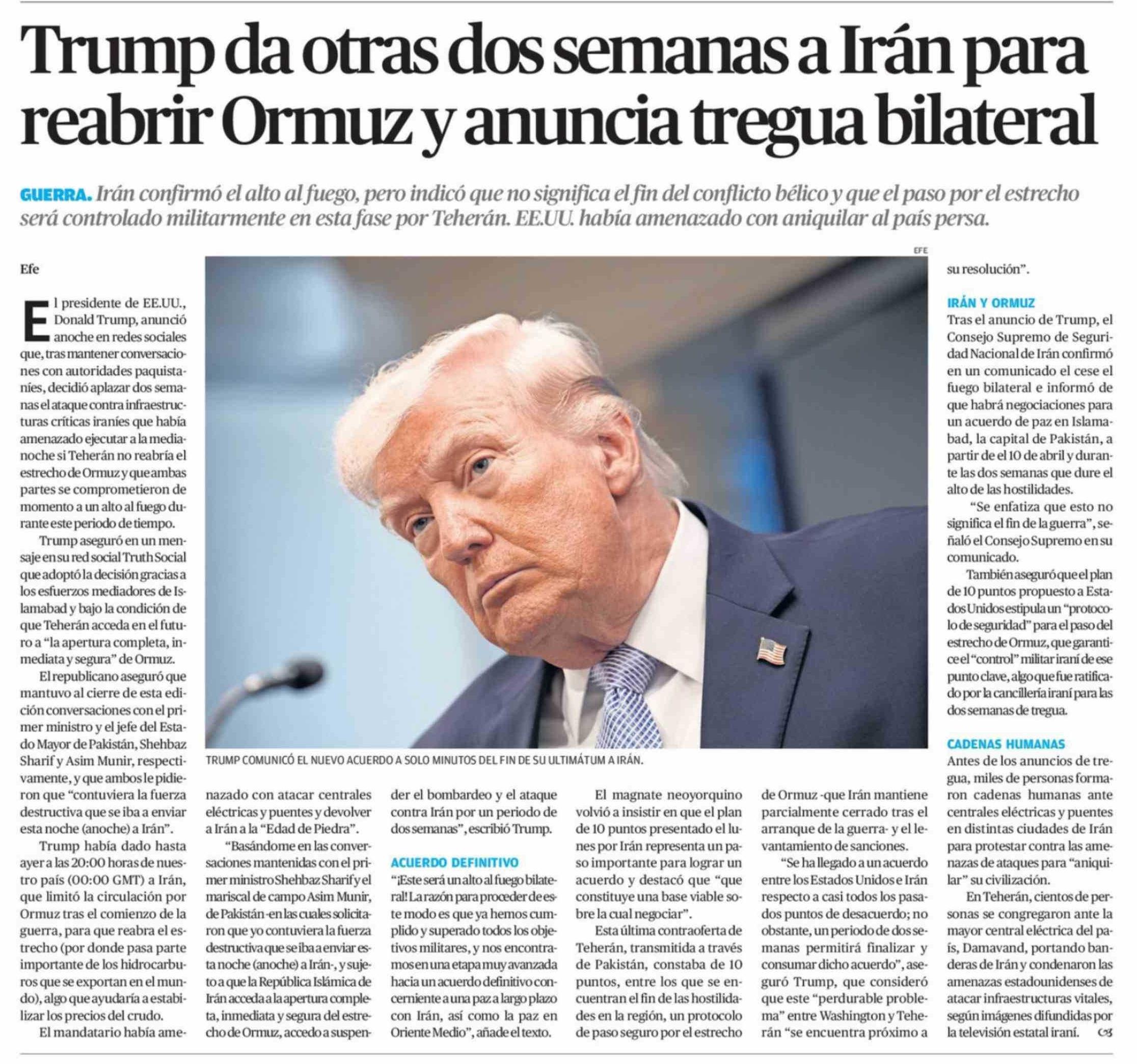 Trump da otras dos semanas a Irán para reabrir Ormuz y anuncia tregua bilateral
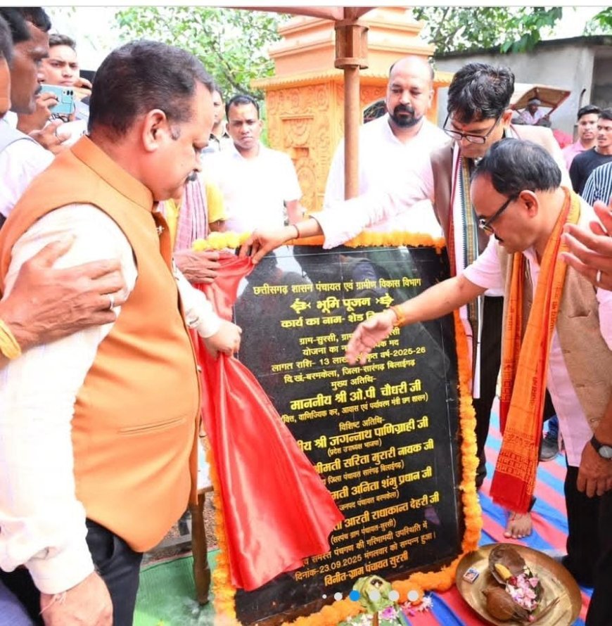 वित्त मंत्री ओ.पी. चौधरी ने बाढ़ प्रभावित सरिया क्षेत्र को दी बड़ी सौगात, राहत भवन और शेड निर्माण का किया भूमिपूजन
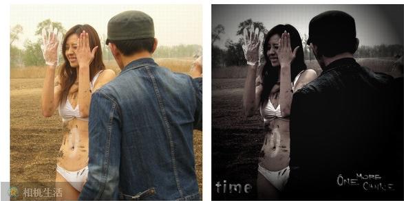 合模式为正片叠底,不透明度为60%,选择椭圆选框工具选区中间部分,按Ctrl + Alt + D羽化,数值为70,然后按两下Delete键删除,再打上文字,完成最终效果。
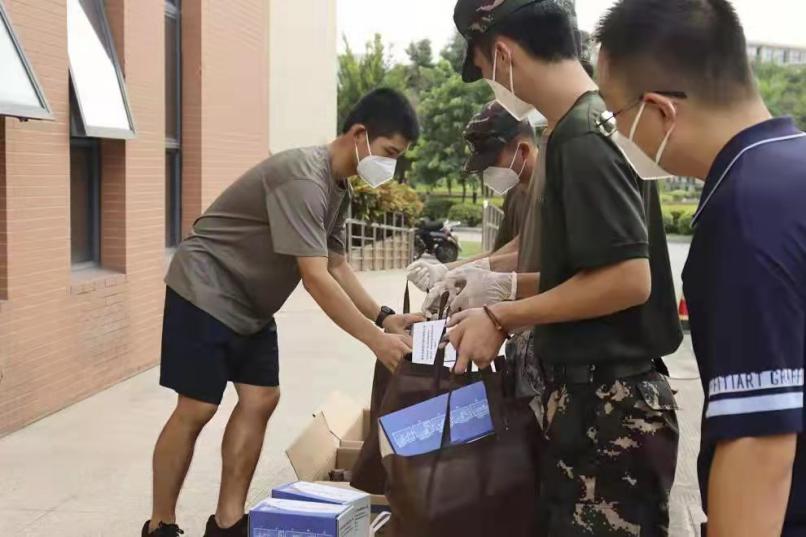 为助力全校抗击疫情工作,院团总支、学生会组织团员志愿服务队,早9:00至晚9:00,在酷暑高温下帮助培训楼学生搬迁宿舍,不叫苦不喊累。院学生会积极响应学校号召,主动参与公寓区志愿分餐服务,做好楼栋分餐值班,保证每位同学都能吃上学校食堂的放心餐点;在代领快递摊点,总会活跃着一批人文学院志愿者的身影。校园每轮核酸检测志愿工作中,人文学院学生积极投身志愿服务中,身穿红马甲、带上N95口罩,搬运物资、布置现场,为全员核酸检测做好充足准备。人文学院学生会主席、入党积极分子、19级数字媒体艺术专业的陈莉金同学是一名退役复学学生,与学院其他6名退役复学学生履行“若有战,召必回”的誓言,积极投身志愿服务活动,主要负责信息采集、搬运物资以及核酸检测期间秩序维持等工作。在没有硝烟的战场上,他们继续发扬“听党指挥,能打胜仗,作风优良”的人民子弟兵优良传统。他们在实践中学党史、强信念跟党走。
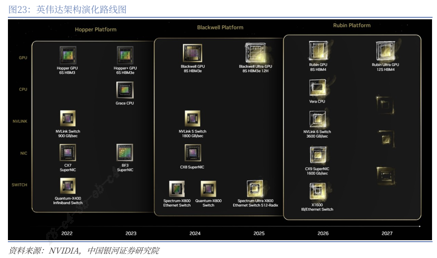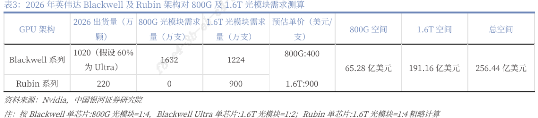 由于Rubin系列GPU将于2026年推出,参照Blackwell及Blackwell Ultra推出及量产节奏(Blackwell于2024年3月GTC大会发布,同年11月量产;Blackwell Ultra于2025年3月官宣,同年三季度开始量产),以及英伟达预测其将于明年初的GTC大会后启动样品测试,然后在2026年一季度小批量交付,2026年全年份额有望达到20%-30%,我们假设Rubin系列GPU于2026年3月GTC大会上发布,并于2026年三季度末开始大批量交付,假设上述1400万颗GPU中,大部分将以Blackwell系列为主,同时参考Hooper架构GPU累计出货量400万颗,远远低于Blackwell系列GPU出货量,我们预测2026年Rubin架构的GPU出货量有望达220万颗,2025年11月至2026年末Blackwell系列GPU出货量或将达1180万颗,典型2026年光模块市场出货量大幅提升基础。
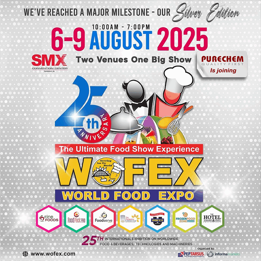 08 Jul Events WOFEX 2025 July 8, 2025 Posted by Michelle Villanueva Join us at WOFEX 2025! 📅 August 6–9, 2025 | 🕙 10 AM–7 PM 📍 SMX Convention Center, Manila – Booth #1044Purechem, one of the Philip...Continue reading
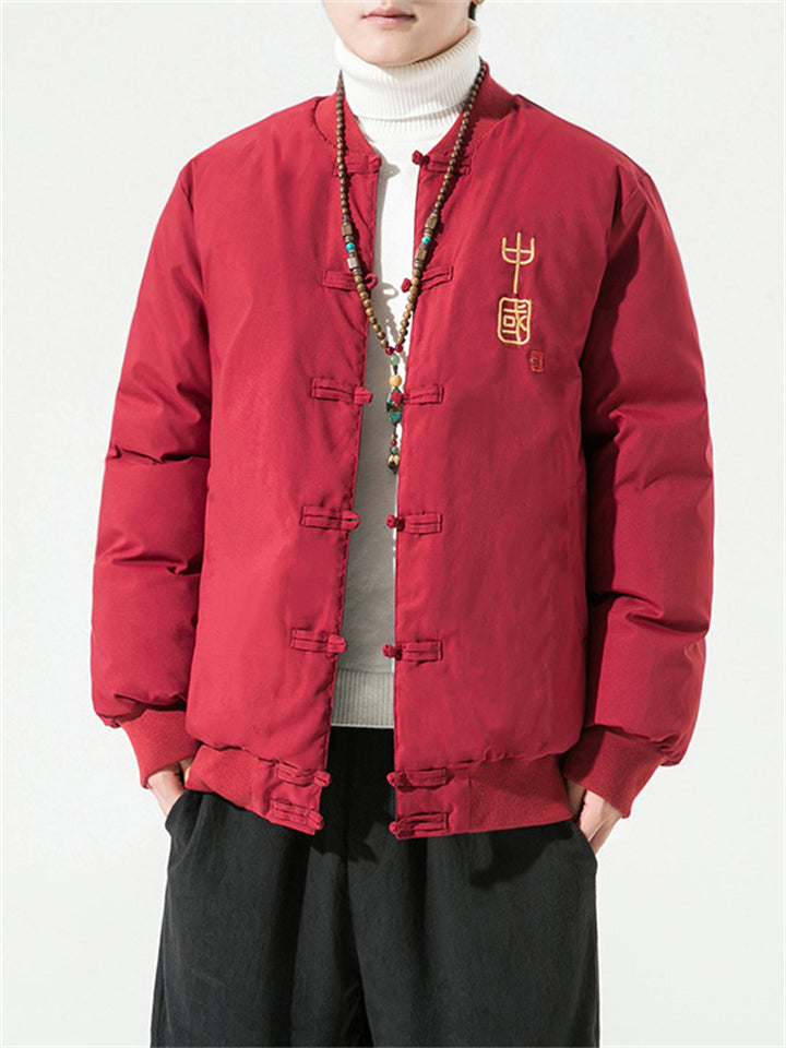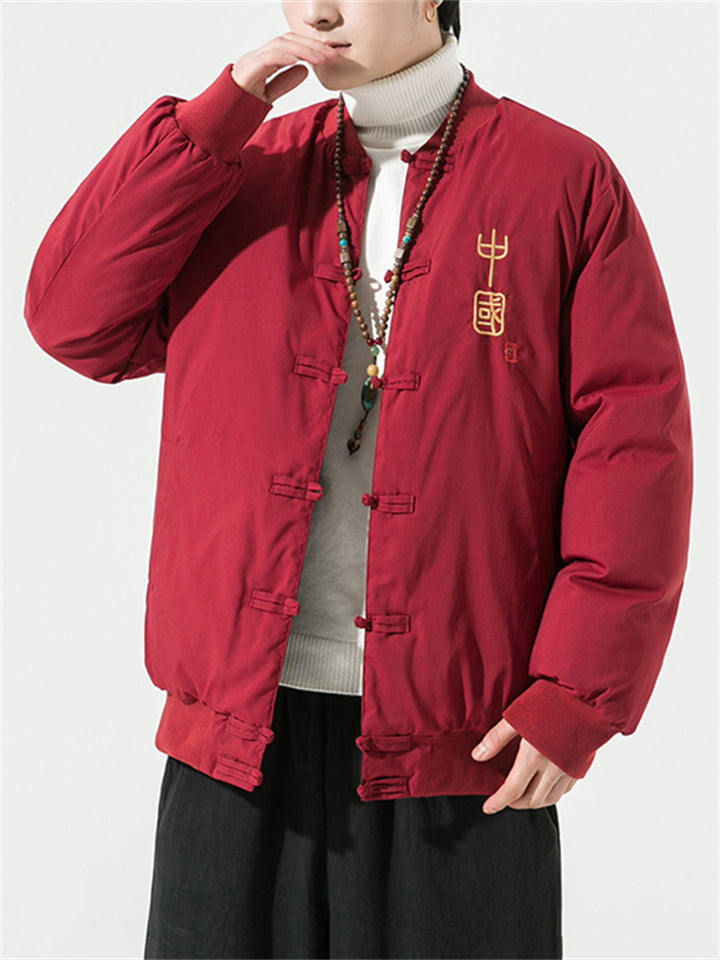 Men's Stylish Embroidery Chinese Style Cotton Padded Coats

________

● Task requirements: Pictures excluded, return exactly the lines from the one with "वित्त मंत्री ओ.पी." through the final line of the entries above, both included.

● Reply to the task:
 वित्त मंत्री ओ.पी. चौधरी ने बाढ़ प्रभावित सरिया क्षेत्र को दी बड़ी सौगात, राहत भवन और शेड निर्माण का किया भूमिपूजन
 合模式为正片叠底,不透明度为60%,选择椭圆选框工具选区中间部分,按Ctrl + Alt + D羽化,数值为70,然后按两下Delete键删除,再打上文字,完成最终效果。
 为助力全校抗击疫情工作,院团总支、学生会组织团员志愿服务队,早9:00至晚9:00,在酷暑高温下帮助培训楼学生搬迁宿舍,不叫苦不喊累。院学生会积极响应学校号召,主动参与公寓区志愿分餐服务,做好楼栋分餐值班,保证每位同学都能吃上学校食堂的放心餐点;在代领快递摊点,总会活跃着一批人文学院志愿者的身影。校园每轮核酸检测志愿工作中,人文学院学生积极投身志愿服务中,身穿红马甲、带上N95口罩,搬运物资、布置现场,为全员核酸检测做好充足准备。人文学院学生会主席、入党积极分子、19级数字媒体艺术专业的陈莉金同学是一名退役复学学生,与学院其他6名退役复学学生履行“若有战,召必回”的誓言,积极投身志愿服务活动,主要负责信息采集、搬运物资以及核酸检测期间秩序维持等工作。在没有硝烟的战场上,他们继续发扬“听党指挥,能打胜仗,作风优良”的人民子弟兵优良传统。他们在实践中学党史、强信念跟党走。
 由于Rubin系列GPU将于2026年推出,参照Blackwell及Blackwell Ultra推出及量产节奏(Blackwell于2024年3月GTC大会发布,同年11月量产;Blackwell Ultra于2025年3月官宣,同年三季度开始量产),以及英伟达预测其将于明年初的GTC大会后启动样品测试,然后在2026年一季度小批量交付,2026年全年份额有望达到20%-30%,我们假设Rubin系列GPU于2026年3月GTC大会上发布,并于2026年三季度末开始大批量交付,假设上述1400万颗GPU中,大部分将以Blackwell系列为主,同时参考Hooper架构GPU累计出货量400万颗,远远低于Blackwell系列GPU出货量,我们预测2026年Rubin架构的GPU出货量有望达220万颗,2025年11月至2026年末Blackwell系列GPU出货量或将达1180万颗,典型2026年光模块市场出货量大幅提升基础。
 08 Jul Events WOFEX 2025 July 8, 2025 Posted by Michelle Villanueva Join us at WOFEX 2025! 📅 August 6–9, 2025 | 🕙 10 AM–7 PM 📍 SMX Convention Center, Manila – Booth #1044Purechem, one of the Philip...Continue reading
 Men's Stylish Embroidery Chinese Style Cotton Padded Coats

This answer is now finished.